Friday, December 18, 2009

To Hillary Clinton Promise $100B Developing Countries

COPENHAGEN (www.nytimes.com) -- Secretary of State Hillary Rodham Clinton has promised the United States will help raise $100 billion annually by 2020 to assist poor countries in coping with climate change as long as America's demands for a global warming pledge are met.
Clinton's announcement, made during a packed news conference, represents a major breakthrough in the U.N.-led talks, which had all but ground to a halt last night. But Clinton emphasized that the money is only on the table so long as fast-growing nations like China and India accept binding commitments that are open to international inspection and verification. If other countries don't bend, she warned, the poorest countries will suffer.

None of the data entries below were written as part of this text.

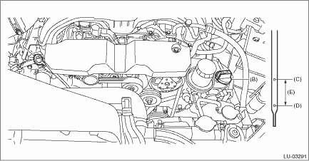 (A) | Oil level gauge | (B) | Oil filler cap | (C) | “F” line |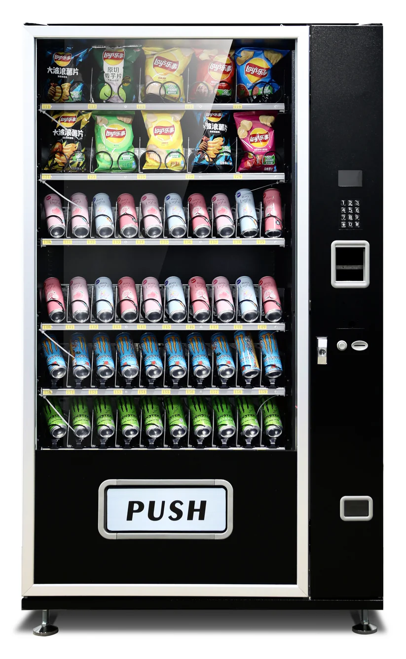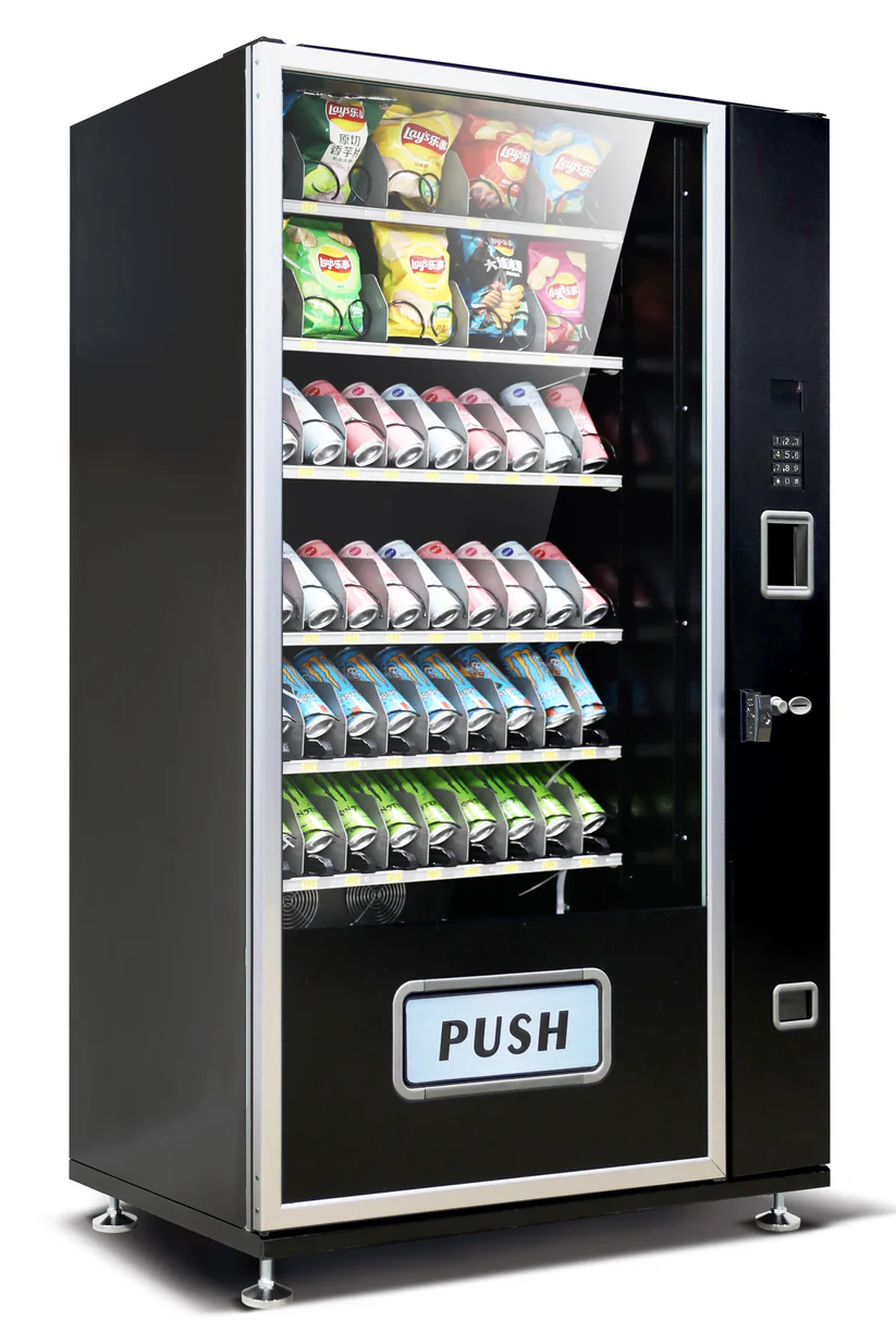 • Combination Vending Machine, capable of vending snacks, pastries, candies and drinks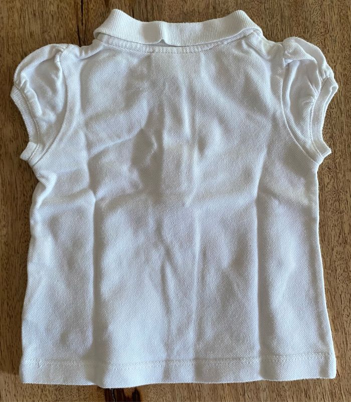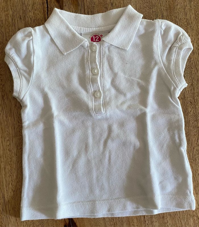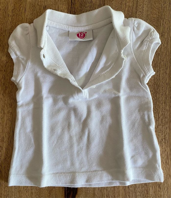 T-shirt blanc manche courte Sans tache Ouverture du col avec 3 boutons. 95% coton et 5 % elasthanne.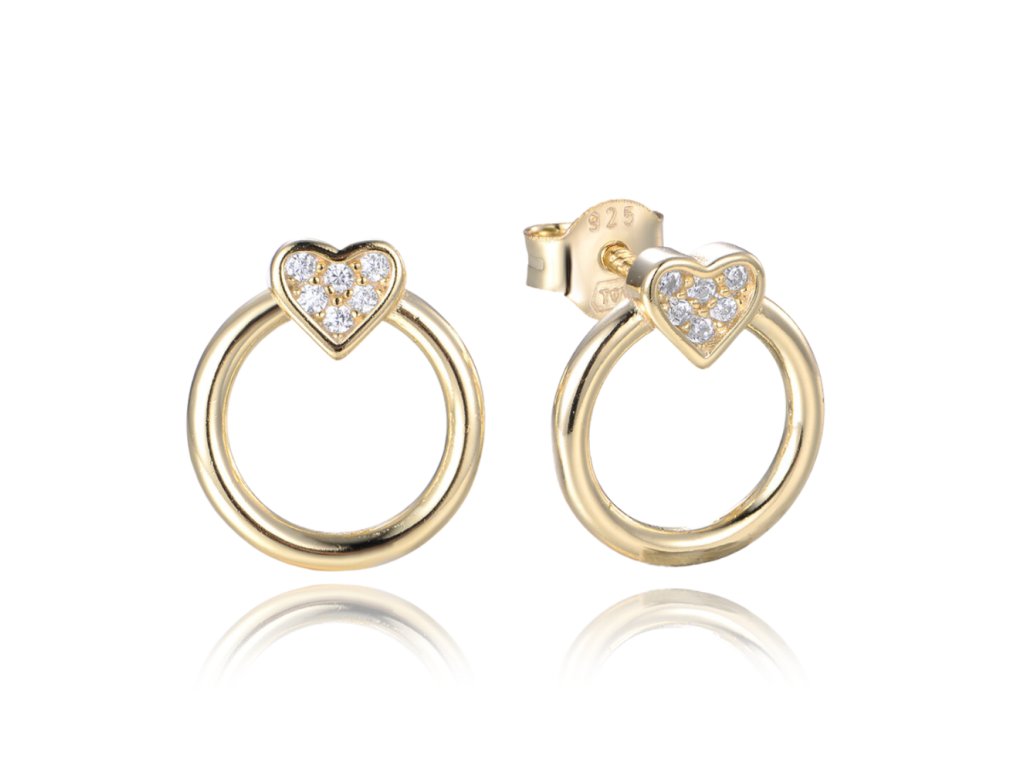 MINET Pozlacené stříbrné náušnice KROUŽKY se srdíčky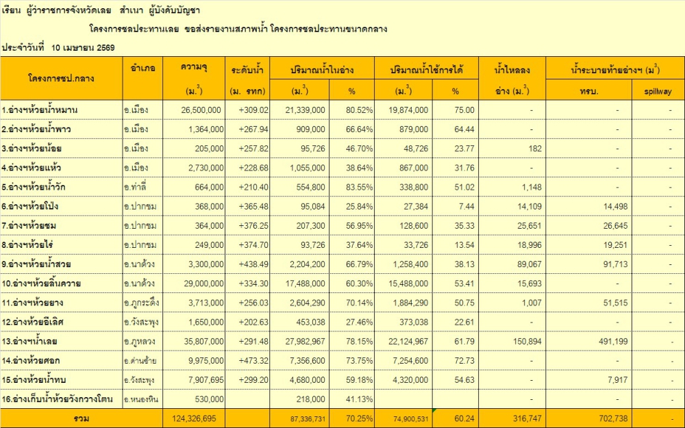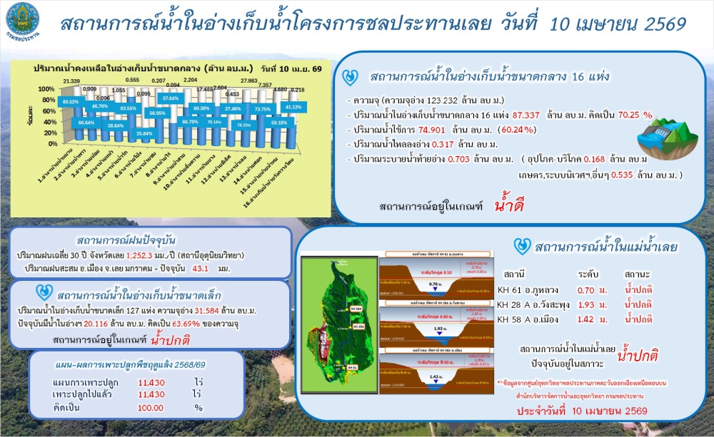 โครงการชลประทานเลย ขอสรุปภาพรวมสถานการณ์น้ำ ประจำวันที่ 10 เมษายน 2569

"In the absence of an operational agreement that meets the requirements that I outlined, there will not be that financial agreement, at least from the United States," Clinton warned. And, she added: "Without that accord, there won't be the kind of joint global action from all of the major economies we all want to see, and the effects in the developing world could be catastrophic."


The pledged amount is less than what the European Union had laid out as necessary to help the poorest countries in Africa, Asia and Latin America prepare for climate disasters and develop low-fossil-fuel economies. Clinton said the funding would come from a mix of public and private financing, including revenue raised from the auctioning of emission allowances under a possible U.S. cap-and-trade system still under development on Capitol Hill.

Clinton did not go into many other details, leaving it unclear precisely what the U.S. share of the $100 billion would be. U.N. climate chief Yvo de Boer said he is "looking keenly forward" to learning what that contribution will be.

De Boer and others said Clinton's announcement has helped get the lurching and sputtering train of international climate talks back on track.



After a long stall, some movement

"Hold tight and mind the doors. The cable car is moving again," a smiling de Boer said moments after Clinton's announcement.

Added Danish Prime Minister Lars Løkke Rasmussen, "There's a feeling among negotiators that now we have to go into business, and now we have to be flexible, and now we have to try as hard as we can to make real compromises."
U.S. environmental groups and House Democrats heaped praise on the announcement, while Republican staffers warned of the political difficulties back home in selling such a vast contribution as the economy reels.
"I think it's very essential to the success of how we go forward," House Speaker Nancy Pelosi (D-Calif.) told E&E as she arrived at the Bella Center. "We'll see what the participation will be of other nations, what's certainly appropriate for us to play a leading role in it. So I salute her."